YOUR TASK
What is needed is an exact copy of the data below, pictures excluded.

STORED DATA
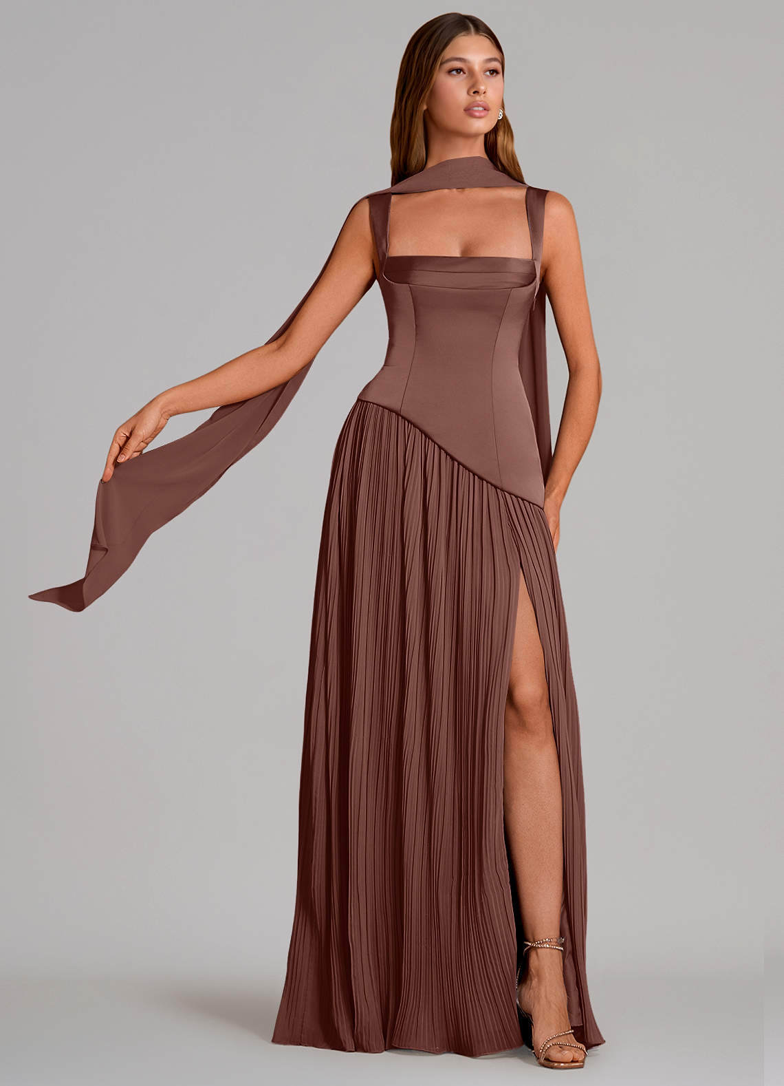 Vestido de Expresado de Satén Elástico de Corte en A con Plisado
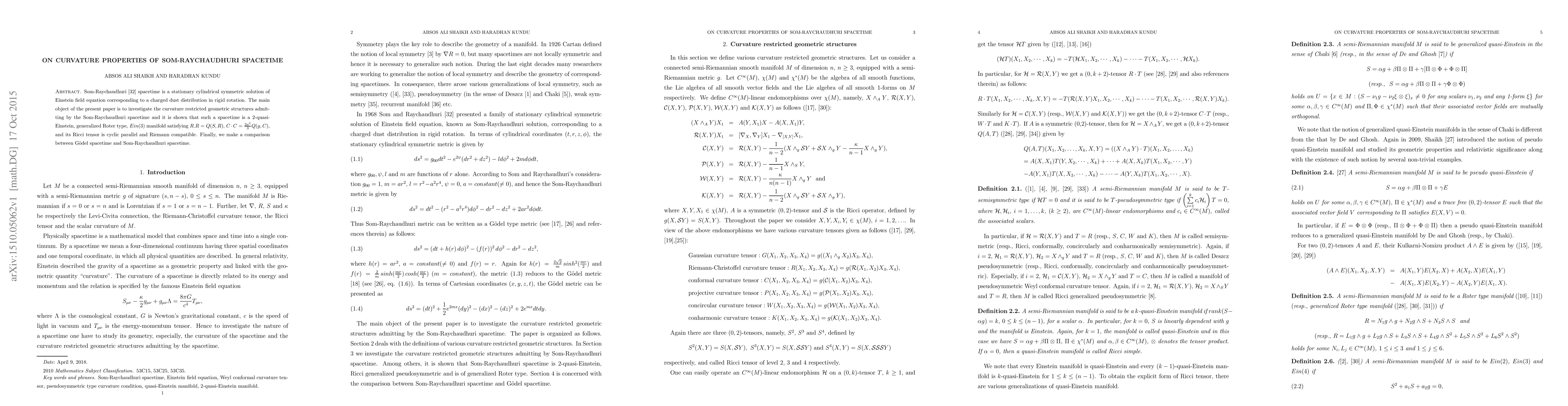 Som-Raychaudhuri spacetime is a stationary cylindrical symmetric solution of Einstein field equation corresponding to a charged dust distribution in rigid rotation. The main object of the present paper is to investigate the curvature restricted geometric structures admitting by the Som-Raychaudhuri spacetime and it is shown that such a spacetime is a 2-quasi-Einstein, generalized Roter type, $Ein(3)$ manifold satisfying $R.R = Q(S,R)$, $C\cdot C = \frac{2a^2}{3} Q(g,C)$, and its Ricci tensor is cyclic parallel and Riemann compatible. Finally, we make a comparison between G\"odel spacetime and Som-Raychaudhuri spacetime.
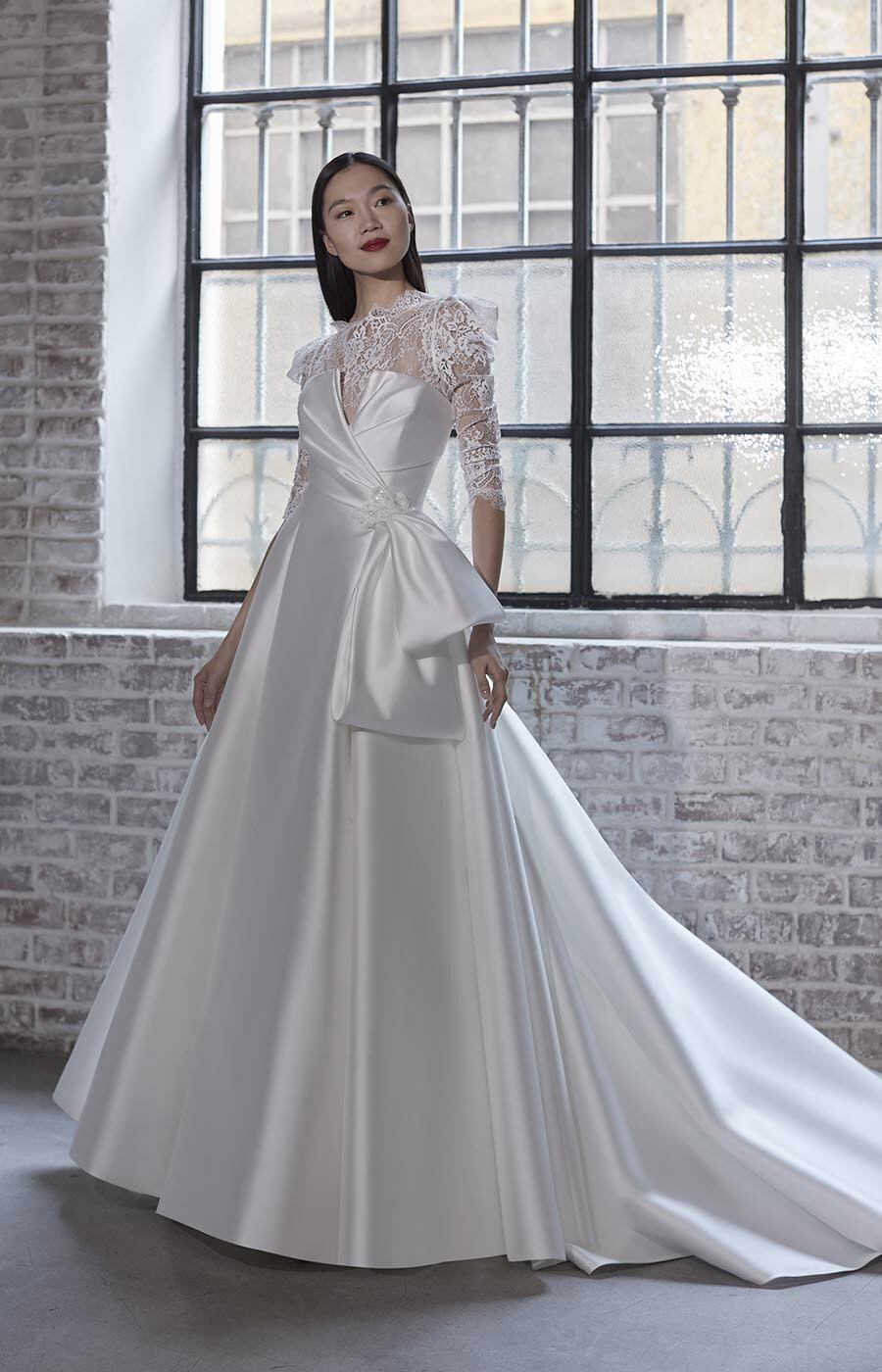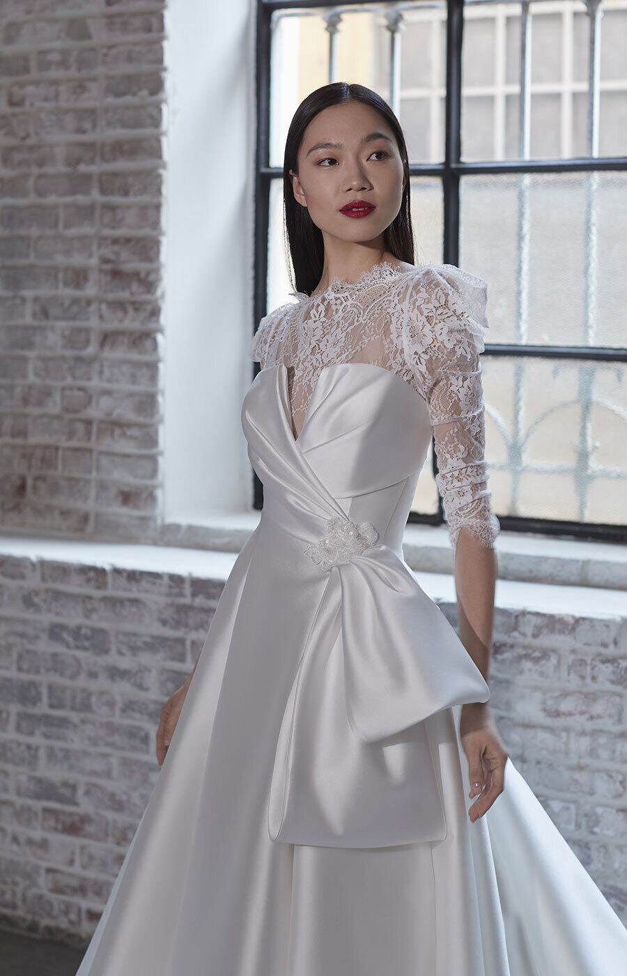 高品質!ウエディングドレス 取り外しリボン 華やかなトレーン オーダードレス ベアトップ Vネック 上品レースボレロ 七分袖丈 ロングトレーン ハンドメイド Aライン 高級サテン セクシー 花嫁 結婚式/前撮り/二次会 | David1021k Dress(ダヴィドレス)

TASK RESULT
 Vestido de Expresado de Satén Elástico de Corte en A con Plisado
 Som-Raychaudhuri spacetime is a stationary cylindrical symmetric solution of Einstein field equation corresponding to a charged dust distribution in rigid rotation. The main object of the present paper is to investigate the curvature restricted geometric structures admitting by the Som-Raychaudhuri spacetime and it is shown that such a spacetime is a 2-quasi-Einstein, generalized Roter type, $Ein(3)$ manifold satisfying $R.R = Q(S,R)$, $C\cdot C = \frac{2a^2}{3} Q(g,C)$, and its Ricci tensor is cyclic parallel and Riemann compatible. Finally, we make a comparison between G\"odel spacetime and Som-Raychaudhuri spacetime.
 高品質!ウエディングドレス 取り外しリボン 華やかなトレーン オーダードレス ベアトップ Vネック 上品レースボレロ 七分袖丈 ロングトレーン ハンドメイド Aライン 高級サテン セクシー 花嫁 結婚式/前撮り/二次会 | David1021k Dress(ダヴィドレス)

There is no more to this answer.